Our interview ends. He wraps up with a subtle tribute to the full spectrum of his truth.  “Good or bad, I have no regrets.  Everything that happened made me who I am.  No regrets—I like that.  It’s a nice way to wrap things up.  You should end it there.”

“I agree,” I quietly reply.


[1] I didn’t actually acknowledge myself as a friend during the first draft, attempting to distance myself for effect.  Upon review, he scolded me and insisted I deliberate the truthful details of our becoming very good friends.

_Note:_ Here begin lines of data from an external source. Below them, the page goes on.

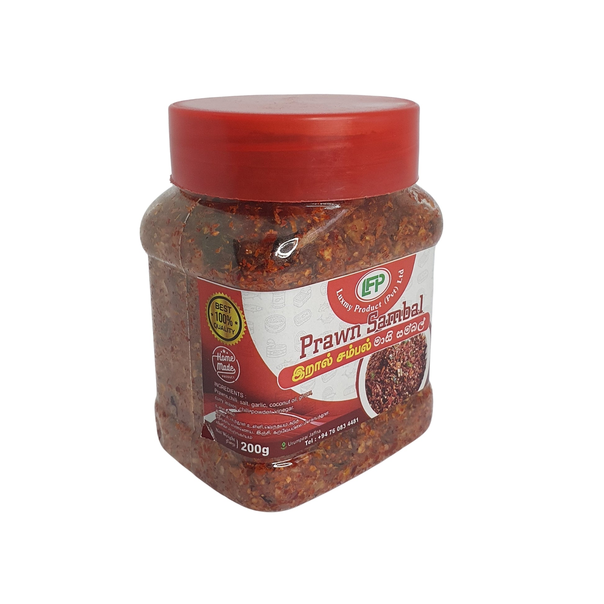 Luxmy 虾参巴是一种风味浓郁的斯里兰卡调味品,由优质虾与传统香料混合制成,带来浓烈而辛辣的口感。采用正宗配方制作,这款参巴在海鲜风味与辣味之间取得完美平衡,是米饭、面包、Hoppers、String Hoppers 及多种斯里兰卡菜肴的理想搭配。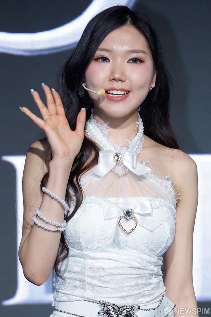 [서울=뉴스핌] 류기찬 기자 = 신인 걸그룹 나빌레라 멤버 멜로디가 3일 오후 서울 마포구 동양북스빌딩에서 열린 데뷔 기념 쇼케이스에서 인사말을 하고 있다. 2026.02.03 ryuchan0925@newspim.com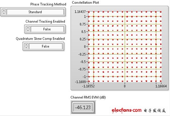 測試設備通常需提供比規范要求(如-32 dB用于256 QAM)高至少10 dB的測量能力,從而提供足夠的空間用于特征和產品測試。如圖7所示,NI PXIe-5644R可提供業界領先的EVM值。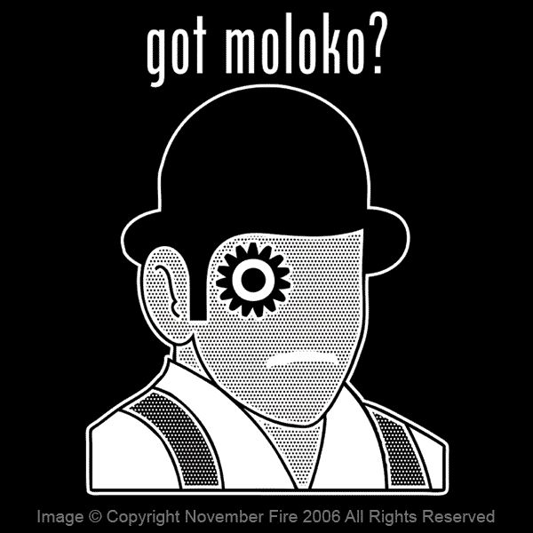"There was me, Alex, and my three droogs, that is Pete, Georgie, and Dim; and we sat in the Korova Milkbar sold moloko-plus, wich is what we were drinking. This would sharpen you up and make you ready for a bit of the old ultraviolence"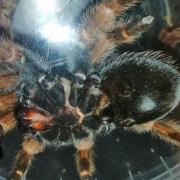 Brachypelma boehmei – мой первый паук. Безумная идея завести паука пришла ко мне неожиданно, но будучи человеком осторожным, я целый месяц провела на всем известном паучьем сайте, изучая информацию об этих членистоногих, их содержании и повадках. Паук должен был быть: спокойный, не ядовитый, ну и чтобы радовал глаз. Всем известно, что пауки рода Brachypelma наиболее подходят для новичков благодаря слабой токсичности яда и легкости в содержании. B. boehmei прельстил меня своей окраской, хотя я колебалась между ним и B. emilia.
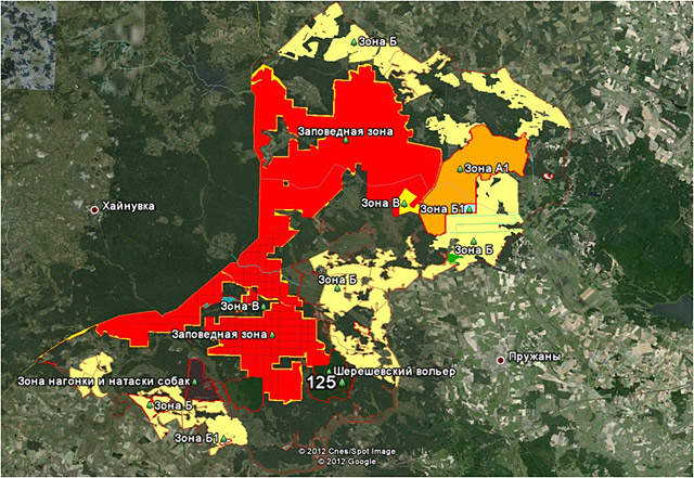 Поэтому в 2012 году в связи с увеличением заповедной зоны Национального парка, потребовалось внести изменения и в проект ведения охотничьего хозяйства. Так появилась в Беловежской пуще еще одна весьма парадоксальная зона. Если быть точнее, то в северо-восточной части Национального парка, выделили зону А1- преимущественного ведения охоты на лося (площадь около 12,3 тыс.га).

[2] After observation, I realize my wisecrack more accurate than he initially claims; he used the name as an alias while escorting, but also refers to all former escort clientele as “Jimmy.”

[3] According to close friends, his actual age is 37.  As the story goes, an error at the DMV while renewing his driver’s license shaved off ten years, and he’s consistently maintained the story since.  His true age, at this point, is entirely unknown.

[4] Weeks later, I googled the term “CS teargas” and uncovered its ban in over 70 countries.  Also known as “super tear gas” by the United States military, it contains orthochlorabenzalmalonitrile, and extensive documentation confirms its deadly potential.  I also discovered that the United States continues its use, but mixes 7% capsicum oil (pepper spray) for that added “kick.”

[5] I heard this story a week ago, on a break between films.  He had saved $200 toward purchasing a car when his father intervened and offered, in exchange for the money he already earned, the keys and title to the car of his choice.  He refused, and insisted on earning the money himself.